На реке главная помеха – браконьеры. Они занимают места в устье любой камчатской рыбной реки и перехватывают пришедшего на нерест лосося. «Бракошки» – называет их Юра.
Горбуша массово, урожайно идет через раз, в четные годы. Юра: «Даже в прошлый год, негорбушовый, бракошки сразу сделали по двадцать тыщ баксов на нерке и кете». Расценки различаются на порядок: государству сдают горбушу по 2 рубля за 1 кг, кижуч, кету – по 2,70, нерку – по 3,20. А браконьерам посредники дают за нерку по 25 рублей за килограмм. За икру – по 150 рублей за кило горбушовой, по 200 – за кетовую. (На рынке в Петропавловске-Камчатском кетовая икра стоит 900-1100, в Москве – в полтора-два раза дороже.)
Ненавидящий браконьеров Юра с саркастическим пониманием говорит: «На рыбозаводе пашут в путину двенадцать через двенадцать, получают на разделке в день по полторы тысячи. Понятно, что лучше сесть у реки с сеткой».

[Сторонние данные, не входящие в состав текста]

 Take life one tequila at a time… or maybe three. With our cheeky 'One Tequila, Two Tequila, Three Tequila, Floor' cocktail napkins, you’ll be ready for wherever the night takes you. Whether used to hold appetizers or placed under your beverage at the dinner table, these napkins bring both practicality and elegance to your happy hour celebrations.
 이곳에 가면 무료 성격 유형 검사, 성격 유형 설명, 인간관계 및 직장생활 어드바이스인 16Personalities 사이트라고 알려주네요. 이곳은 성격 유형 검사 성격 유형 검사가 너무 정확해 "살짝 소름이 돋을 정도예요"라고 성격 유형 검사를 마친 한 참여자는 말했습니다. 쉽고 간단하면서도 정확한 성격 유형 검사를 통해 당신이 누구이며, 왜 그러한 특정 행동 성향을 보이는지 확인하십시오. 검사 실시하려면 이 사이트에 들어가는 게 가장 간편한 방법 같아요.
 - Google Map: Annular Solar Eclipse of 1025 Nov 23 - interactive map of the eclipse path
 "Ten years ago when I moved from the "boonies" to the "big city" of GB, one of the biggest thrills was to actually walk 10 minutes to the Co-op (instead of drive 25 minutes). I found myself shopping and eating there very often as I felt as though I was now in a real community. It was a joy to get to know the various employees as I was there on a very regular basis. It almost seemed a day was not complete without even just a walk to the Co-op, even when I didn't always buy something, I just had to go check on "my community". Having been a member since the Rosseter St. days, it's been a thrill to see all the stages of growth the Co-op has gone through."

На лодке доставляем край нашей сетки – невода – к противоположному берегу Большой, цепляем за бревно. Другой конец на ближнем берегу подхватывает трактор, и сеть медленно движется по реке против хода рыбы. (Хорошо называются жердины для невода: «кляча», «карандаш» – сами имена суть история ремесла, старая и новая.) Неводом длиной в 120 метров и высотой, «стеночкой», в 12 метров – можно взять за раз 40 тонн рыбы. Сейчас ерунда: тонны полторы, но биение, кипение скорее, в сети стройных со стальным отливом лососей – впечатляет.

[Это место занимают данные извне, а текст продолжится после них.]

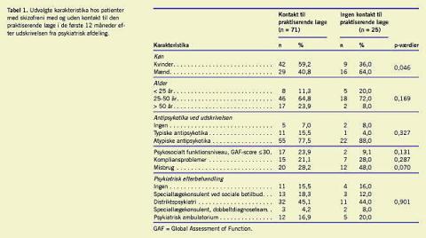 Materiale og metoder: Studiepopulationen omhandler 96 patienter, der opfylder International Classification of Diseases and related Health Problems ' (ICDs) kriterier for skizofreni eller skizoaffektiv sygdom. Patienterne blev interviewet ved indlæggelsen og udskrivelsen fra Psykiatrisk Afdeling. Patienternes egen læge blev bedt om at besvare et spørgeskema seks og 12 måneder efter udskrivelsen. Skemaet, der blev besvaret af 37 praksis, indeholdt oplysninger om, hvorvidt de havde haft kontakt med den enkelte patient, og hvilke ydelser patienten havde modtaget. Herudover blev der indhentet registeroplysninger, som omhandlede indlæggelsesmønsteret de første 12 måneder efter udskrivelsen.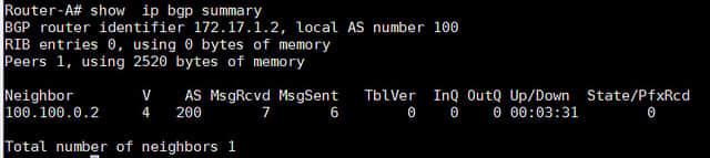 当相关的路由器都被配置好,两台路由器之间的对等将被建立。现在让我们通过运行下面的命令来确认: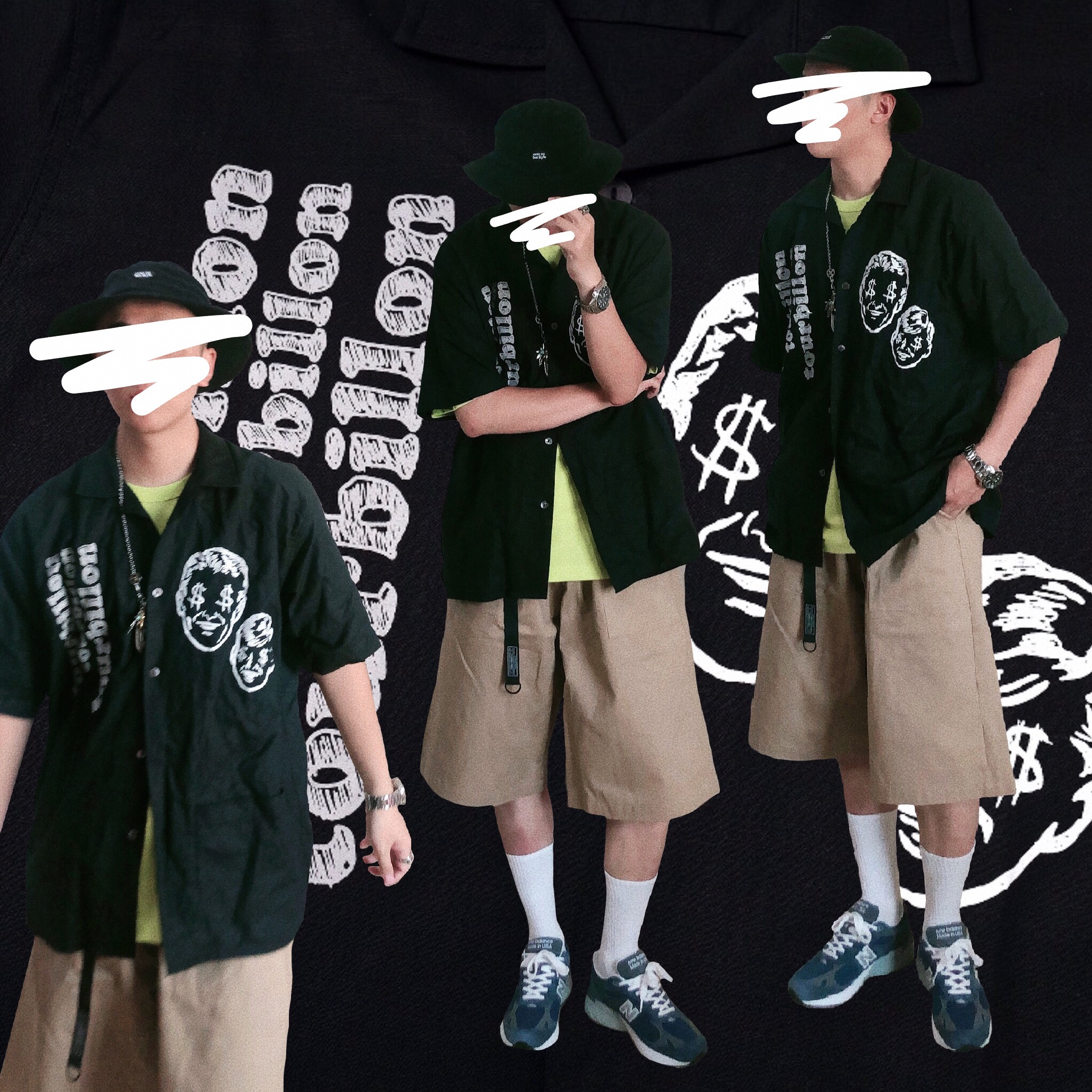 👦🏻:Hello大家好!我是Tamsen 现在天气越来越热了 夏季穿搭也安排上吧! 👕T恤:VERMICELLI vmcl 20SS 墨绿色 街头标语印花宽松夏短袖T恤 👖裤子:SUPERTOFU英式军裤口袋原牛丹宁赤耳宽松九分洗水牛仔裤 👟鞋子:New Balance 996元祖灰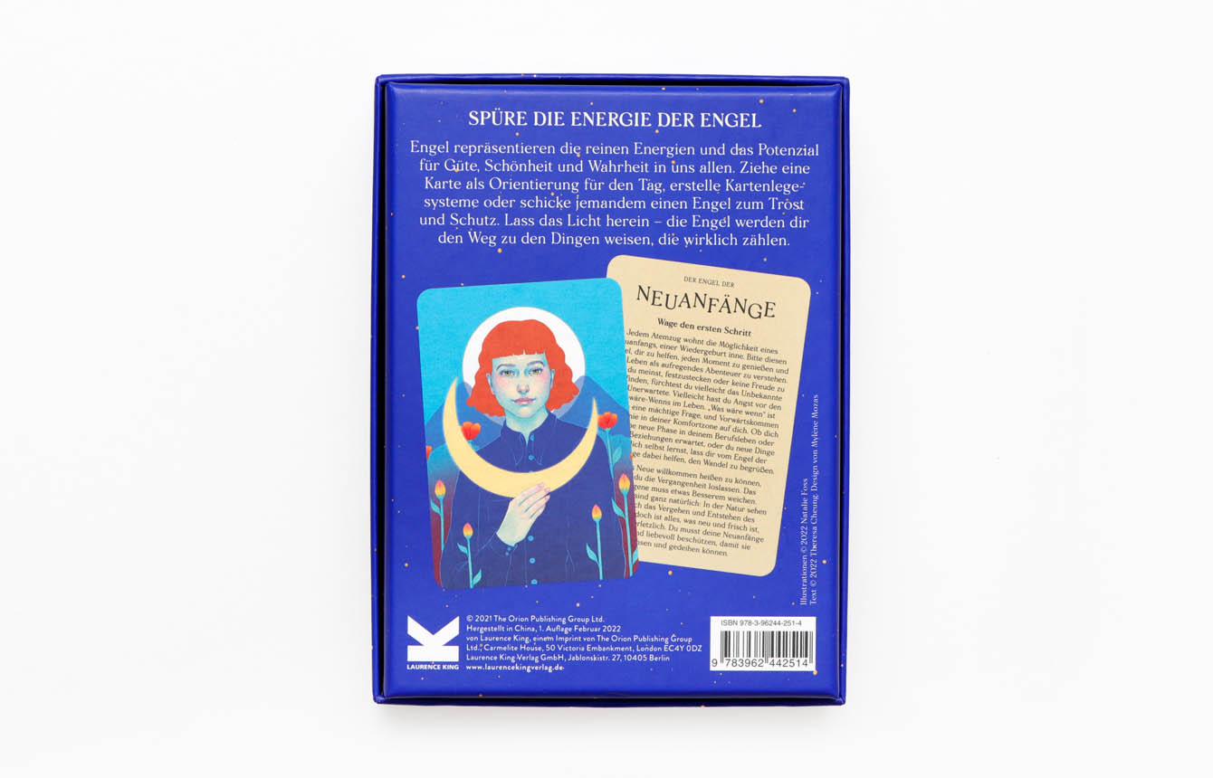 Hier sind Engel keine ätherischen Wesen, sondern moderne Figuren in kräftigen Farben, die auch ein junges Publikum ansprechen und uns einen neuen Zugang zu ihrer Weisheit verschaffen. Wer mit Traurigkeit kämpft, kann denEngel der Tränen rufen, der Engel der Kommunikation unterstützt unsere Verbindung zu geliebten Menschen, und sollten wir Inspiration benötigen, weiß der Engel der Kreativität bestimmt Rat. Ziehen Sie einfach eine Karte als Orientierung für den Tag, erstellen Sie Kartenlegesysteme oder schicken Sie einen Engel an jemanden, der/die eine schwere Zeit durchmacht - die heilenden Kräfte werden sich entfalten. Eine schöne Geschenkidee für Mitmenschen, denen wir Schutz und Glück wünschen!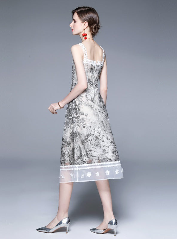 Three-dimensional Relief Jacquard Embroidery Retro Dress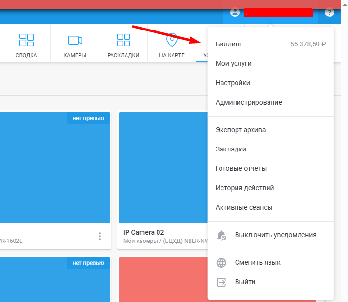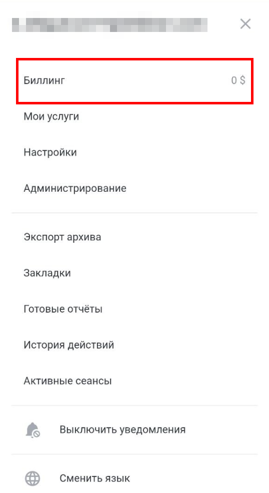 1. Щелкните по e-mail аккаунта в правом верхнему углу страницы личного кабинета и в выпадающем меню выберите Биллинг. | ![]() |

Пойманную рыбу буксируют на рыбозавод в прорезях. Какое же дивное старинное слово – «прорезь»: лодка с отсеками, в которые забортная вода поступает через прорезанные щели. В таких еще в Средние века доставляли свежую рыбу с Белого моря в Москву. Теперь это не деревянные суда, а стальные грязно-оранжевые прямоугольные баржи, но суть та же.
В бригадном вагончике-бараке, который здесь называется «балок», обедаем: рыба, борщ, котлеты – вкусно. Юре всё не дают покоя бракошки. Он рассказывает, что в прошлом году в устье Большой убили более двадцати медведей. Браконьеры тут порют рыбу на икру, а саму рыбу бросают, медведь и выходит к ней.
Разговор среди причастных к рыболовному промыслу людей – я замечал это много раз на Камчатке – сворачивает на беспредел 1996 года, когда разрешили практически безлимитный лов. Тогда в устье Большой стояли краны, которые «каплёрами» – большими сетчатыми черпаками –вываливали рыбу в грузовики прямо из воды. То же повторилось в 98-м, в четный горбушовый год, отчасти – в 2000-м. Весь будущий лососевый лов тем беспардонным разгулом был сильно подорван.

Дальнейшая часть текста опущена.